I think this conversation has gotten a little off track. This patch 
only changes the port reset behavior at driver initialization for revision 
2 of the port IP. The behavior and the requirements of port reset during 
run time have not changed. The existing implementation requires the user 
performing the port reset to ensure appropriate SW was quiesced. This 
patch does not change this requirement.

>
>>
>>>
>>>> image. I don't think the driver performing the port_reset() can know all the
>>>
>>> Other PF drivers should know their own components. They should be aware
>>> that their devices are being reset.
>>
>> The other PF drivers depend on the actual FPGA image being run.
>>
>>>
>>>> components to be able to provide any meaningful management.
>>>
>>> If the reset provider and reset consumer are not in the same driver,
>>> they should interact with each other. IIRC, some reset controller class
>>> works for this purpose.
>>
>> The other PFs in many cases can present as standard devices with existing
>> drivers like virtio-net or virtio-blk. It does not seem desireable to have
>> to change existing drivers for a particular FPGA implementation
>
> If you have to use a specific method for reset, it is not a standard virtio
> pci device, and you have to make some change.

From the perspective of the PCI PF/VF implementing the virtio or 
other standard device, the pci endpoint is completely compliant to the 
standard, and no driver changes should be required. As mentioned above, 
this patch does nothing to change any of this behavior. Consider a port 
reset that is part of a partial configuration flow. The virtio endpoint 
can become something completely different with a completely different 
driver. This patch does not affect this flow either.

Thanks,
Matthew

>
> Thanks,
> Yilun
>
>>
>> Thanks,
>> Matthew
>>>
>>> Thanks,
>>> Yilun
>>>
>>>>
>>>> Thanks,
>>>> Matthew
>>>>
>>>>>
>>>>> Thanks,
>>>>> Yilun
>>>>>
>>>>>>
>>>>>> Do you want me to update the commit message with this information?
>>>>>>
>>>>>> Thanks,
>>>>>> Matthew
>>>>>
>>>>>
>>>
>>>
>
Xu Yilun Feb. 21, 2024, 4:14 p.m. UTC | #9
On Tue, Feb 20, 2024 at 05:49:04PM -0800, matthew.gerlach@linux.intel.com wrote:
> 
> 
> On Sun, 18 Feb 2024, Xu Yilun wrote:
> 
> > On Wed, Feb 07, 2024 at 08:40:55AM -0800, matthew.gerlach@linux.intel.com wrote:
> > > 
> > > 
> > > On Mon, 5 Feb 2024, Xu Yilun wrote:
> > > 
> > > > On Wed, Jan 31, 2024 at 04:26:27PM -0800, matthew.gerlach@linux.intel.com wrote:
> > > > > 
> > > > > 
> > > > > On Wed, 31 Jan 2024, Xu Yilun wrote:
> > > > > 
> > > > > > On Tue, Jan 30, 2024 at 10:00:16AM -0800, matthew.gerlach@linux.intel.com wrote:
> > > > > > > 
> > > > > > > 
> > > > > > > On Tue, 30 Jan 2024, Xu Yilun wrote:
> > > > > > > 
> > > > > > > > On Thu, Jan 25, 2024 at 03:37:15PM -0800, Matthew Gerlach wrote:
> > > > > > > > > Revision 2 of the Device Feature List (DFL) Port feature
> > > > > > > > > adds support for connecting the contents of the port to
> > > > > > > > > multiple PCIe Physical Functions (PF).
> > > > > > > > > 
> > > > > > > > > This new functionality requires changing the port reset
> > > > > > > > > behavior during FPGA and software initialization from
> > > > > > > > > revision 1 of the port feature. With revision 1, the initial
> > > > > > > > > state of the logic inside the port was not guaranteed to
> > > > > > > > > be valid until a port reset was performed by software during
> > > > > > > > > driver initialization.

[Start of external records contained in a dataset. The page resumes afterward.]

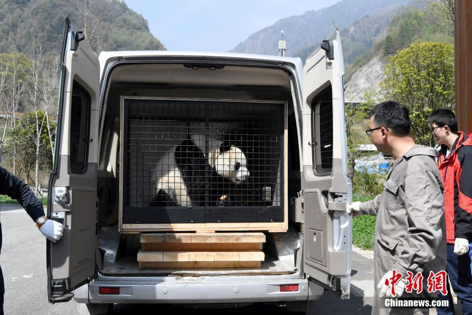 大熊貓“園園”在等待出發(fā)。
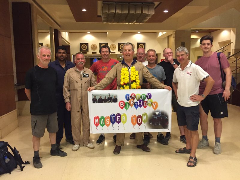 Today is Tom cassells birthday so we arrange for the “spice girls” to sing happy birthday for him (SpiceJet hostesses) then in the evening we present a banner and garlands of flowers. Tommy was very touched.
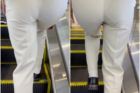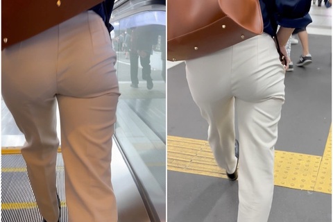 《髪の毛がパンツに!?デッカいPラインを透けさせる美巨尻OL》

With revision 2, the initial state
> > > > > > > > > of the logic inside the port is guaranteed to be valid,
> > > > > > > > > and a port reset is not required during driver initialization.
> > > > > > > > > 
> > > > > > > > > This change in port reset behavior avoids a potential race
> > > > > > > > > condition during PCI enumeration when a port is connected to
> > > > > > > > > multiple PFs. Problems can occur if the driver attached to
> > > > > > > > > the PF managing the port asserts reset in its probe function
> > > > > > > > > when a driver attached to another PF accesses the port in its
> > > > > > > > > own probe function. The potential problems include failed or hung
> > > > > > > > 
> > > > > > > > Only racing during probe functions? I assume any time port_reset()
> > > > > > > > would fail TLPs for the other PF. And port_reset() could be triggered
> > > > > > > > at runtime by ioctl().
> > > > > > > 
> > > > > > > Yes, a port_reset() triggered by ioctl could result in failed TLP for the
> > > > > > > other PFs. The user space SW performing the ioctl needs to ensure all PFs
> > > > > > > involved are properly quiesced before the port_reset is performed.
> > > > > > 
> > > > > > How would user get an insight into other PF drivers to know everything
> > > > > > is quiesced?  I mean do we need driver level management for this?
> > > > > 
> > > > > Since this is an FPGA, the number of other PFs and the drivers bound to
> > > > > those PFs depends on the FPGA image. There would also be user space software
> > > > > stacks involved with the other PFs as well. The user would have to ensure
> > > > > all the SW stacks and drivers are quiesced as appropriate for the FPGA
> > > > 
> > > > User may not know everything about the device, they only get part of the
> > > > controls that drivers grant. This is still true for vfio + userspace
> > > > drivers.
> > > 
> > > A user performing a port reset would have to know the impact to the specific
> > > FPGA image being run in order to ensure all SW stacks are ready for the
> > > reset.
> > 
> > We are not going to change the logic of the whole driver model just
> > because the device is backed up by an FPGA image.  The *driver* should be
> > fully responsible for matched devices.  A HW reset unaware to the
> > device driver is not wanted.  Assuming that the userspace could control
> > every access to device makes no sense.
> > 
> > For your case, there is no garantee userspace could block every access
> > to "other PF" initiated by "other PF" driver.  There is also no
> > notification to "other PF" driver that userspace is doing reset to
> > "other PF" via "management PF" interface.  "other PF" driver just break
> > on reset.
> 
> Hi Yilun,
> 
> I think this conversation has gotten a little off track. This patch only
> changes the port reset behavior at driver initialization for revision 2 of
> the port IP. The behavior and the requirements of port reset during run time
> have not changed. The existing implementation requires the user performing
> the port reset to ensure appropriate SW was quiesced. This patch does not
> change this requirement.

You are actually adding support to the new devices behavior defined by
revision 2.  Previously the user requires the management PF driver to do port
reset, and this only affects some logic in the PF itself and the impact could
be handled inside the driver.  The current PF driver doesn't actually do anything
because it (or any kernel component) never touches the disabled logic, and the
user accessing of the mmapped but disabled logic won't cause system issues.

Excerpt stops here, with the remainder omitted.